_YOUR OBJECTIVE:_ Restate the data below word for word, leaving nothing out.

•••••

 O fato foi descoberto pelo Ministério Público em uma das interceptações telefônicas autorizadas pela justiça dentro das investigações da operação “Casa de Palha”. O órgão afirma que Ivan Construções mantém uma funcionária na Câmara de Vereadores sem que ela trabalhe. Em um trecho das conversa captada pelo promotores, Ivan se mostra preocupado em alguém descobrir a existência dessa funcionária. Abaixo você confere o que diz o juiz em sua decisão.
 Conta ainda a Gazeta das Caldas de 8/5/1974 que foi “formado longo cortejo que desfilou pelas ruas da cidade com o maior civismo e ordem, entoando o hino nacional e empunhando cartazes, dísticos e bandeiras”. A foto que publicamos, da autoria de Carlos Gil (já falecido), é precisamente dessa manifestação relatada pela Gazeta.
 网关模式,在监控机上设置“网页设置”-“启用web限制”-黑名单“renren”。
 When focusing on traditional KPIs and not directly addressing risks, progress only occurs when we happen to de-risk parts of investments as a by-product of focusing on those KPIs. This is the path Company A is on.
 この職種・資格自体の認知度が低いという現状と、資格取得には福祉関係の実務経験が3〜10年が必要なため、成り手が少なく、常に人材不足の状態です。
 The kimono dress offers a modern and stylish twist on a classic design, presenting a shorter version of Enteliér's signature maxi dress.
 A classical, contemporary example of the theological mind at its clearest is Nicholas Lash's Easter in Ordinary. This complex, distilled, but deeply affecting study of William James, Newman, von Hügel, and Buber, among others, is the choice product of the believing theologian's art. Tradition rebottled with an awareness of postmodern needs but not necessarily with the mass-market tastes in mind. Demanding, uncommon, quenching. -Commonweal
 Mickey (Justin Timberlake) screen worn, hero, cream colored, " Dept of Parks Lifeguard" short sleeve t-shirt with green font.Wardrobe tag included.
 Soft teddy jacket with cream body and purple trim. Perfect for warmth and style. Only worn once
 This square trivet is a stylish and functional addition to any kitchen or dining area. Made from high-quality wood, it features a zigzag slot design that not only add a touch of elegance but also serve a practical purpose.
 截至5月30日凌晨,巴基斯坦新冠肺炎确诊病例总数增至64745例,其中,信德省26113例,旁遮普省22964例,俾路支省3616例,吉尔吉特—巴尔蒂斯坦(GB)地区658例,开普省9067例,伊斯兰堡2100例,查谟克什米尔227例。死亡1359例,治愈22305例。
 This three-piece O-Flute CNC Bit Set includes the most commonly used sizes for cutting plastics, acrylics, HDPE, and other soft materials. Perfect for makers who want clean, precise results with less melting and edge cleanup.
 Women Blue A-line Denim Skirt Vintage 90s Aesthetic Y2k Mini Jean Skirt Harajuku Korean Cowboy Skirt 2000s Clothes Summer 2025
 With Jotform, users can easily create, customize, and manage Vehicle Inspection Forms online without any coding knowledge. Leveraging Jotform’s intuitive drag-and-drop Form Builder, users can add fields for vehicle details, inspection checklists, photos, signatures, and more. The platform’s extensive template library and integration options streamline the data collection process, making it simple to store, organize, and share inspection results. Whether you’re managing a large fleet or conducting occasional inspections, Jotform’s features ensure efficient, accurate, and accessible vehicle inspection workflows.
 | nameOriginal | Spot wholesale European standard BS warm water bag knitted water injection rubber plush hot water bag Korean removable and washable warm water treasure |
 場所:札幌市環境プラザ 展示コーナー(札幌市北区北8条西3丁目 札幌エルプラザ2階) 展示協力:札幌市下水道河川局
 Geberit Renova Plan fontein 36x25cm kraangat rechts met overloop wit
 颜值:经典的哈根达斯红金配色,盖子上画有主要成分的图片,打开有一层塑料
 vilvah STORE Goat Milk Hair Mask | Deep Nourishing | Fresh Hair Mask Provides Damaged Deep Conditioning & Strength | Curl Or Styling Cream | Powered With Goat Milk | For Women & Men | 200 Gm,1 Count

•••••

_RESPONSE TO THE TASK:_
 O fato foi descoberto pelo Ministério Público em uma das interceptações telefônicas autorizadas pela justiça dentro das investigações da operação “Casa de Palha”. O órgão afirma que Ivan Construções mantém uma funcionária na Câmara de Vereadores sem que ela trabalhe. Em um trecho das conversa captada pelo promotores, Ivan se mostra preocupado em alguém descobrir a existência dessa funcionária. Abaixo você confere o que diz o juiz em sua decisão.
 Conta ainda a Gazeta das Caldas de 8/5/1974 que foi “formado longo cortejo que desfilou pelas ruas da cidade com o maior civismo e ordem, entoando o hino nacional e empunhando cartazes, dísticos e bandeiras”. A foto que publicamos, da autoria de Carlos Gil (já falecido), é precisamente dessa manifestação relatada pela Gazeta.
 网关模式,在监控机上设置“网页设置”-“启用web限制”-黑名单“renren”。
 When focusing on traditional KPIs and not directly addressing risks, progress only occurs when we happen to de-risk parts of investments as a by-product of focusing on those KPIs. This is the path Company A is on.
 この職種・資格自体の認知度が低いという現状と、資格取得には福祉関係の実務経験が3〜10年が必要なため、成り手が少なく、常に人材不足の状態です。
 The kimono dress offers a modern and stylish twist on a classic design, presenting a shorter version of Enteliér's signature maxi dress.
 A classical, contemporary example of the theological mind at its clearest is Nicholas Lash's Easter in Ordinary. This complex, distilled, but deeply affecting study of William James, Newman, von Hügel, and Buber, among others, is the choice product of the believing theologian's art. Tradition rebottled with an awareness of postmodern needs but not necessarily with the mass-market tastes in mind. Demanding, uncommon, quenching. -Commonweal
 Mickey (Justin Timberlake) screen worn, hero, cream colored, " Dept of Parks Lifeguard" short sleeve t-shirt with green font.Wardrobe tag included.
 Soft teddy jacket with cream body and purple trim. Perfect for warmth and style. Only worn once
 This square trivet is a stylish and functional addition to any kitchen or dining area. Made from high-quality wood, it features a zigzag slot design that not only add a touch of elegance but also serve a practical purpose.
 截至5月30日凌晨,巴基斯坦新冠肺炎确诊病例总数增至64745例,其中,信德省26113例,旁遮普省22964例,俾路支省3616例,吉尔吉特—巴尔蒂斯坦(GB)地区658例,开普省9067例,伊斯兰堡2100例,查谟克什米尔227例。死亡1359例,治愈22305例。
 This three-piece O-Flute CNC Bit Set includes the most commonly used sizes for cutting plastics, acrylics, HDPE, and other soft materials. Perfect for makers who want clean, precise results with less melting and edge cleanup.
 Women Blue A-line Denim Skirt Vintage 90s Aesthetic Y2k Mini Jean Skirt Harajuku Korean Cowboy Skirt 2000s Clothes Summer 2025
 With Jotform, users can easily create, customize, and manage Vehicle Inspection Forms online without any coding knowledge. Leveraging Jotform’s intuitive drag-and-drop Form Builder, users can add fields for vehicle details, inspection checklists, photos, signatures, and more. The platform’s extensive template library and integration options streamline the data collection process, making it simple to store, organize, and share inspection results. Whether you’re managing a large fleet or conducting occasional inspections, Jotform’s features ensure efficient, accurate, and accessible vehicle inspection workflows.
 | nameOriginal | Spot wholesale European standard BS warm water bag knitted water injection rubber plush hot water bag Korean removable and washable warm water treasure |
 場所:札幌市環境プラザ 展示コーナー(札幌市北区北8条西3丁目 札幌エルプラザ2階) 展示協力:札幌市下水道河川局
 Geberit Renova Plan fontein 36x25cm kraangat rechts met overloop wit
 颜值:经典的哈根达斯红金配色,盖子上画有主要成分的图片,打开有一层塑料
 vilvah STORE Goat Milk Hair Mask | Deep Nourishing | Fresh Hair Mask Provides Damaged Deep Conditioning & Strength | Curl Or Styling Cream | Powered With Goat Milk | For Women & Men | 200 Gm,1 Count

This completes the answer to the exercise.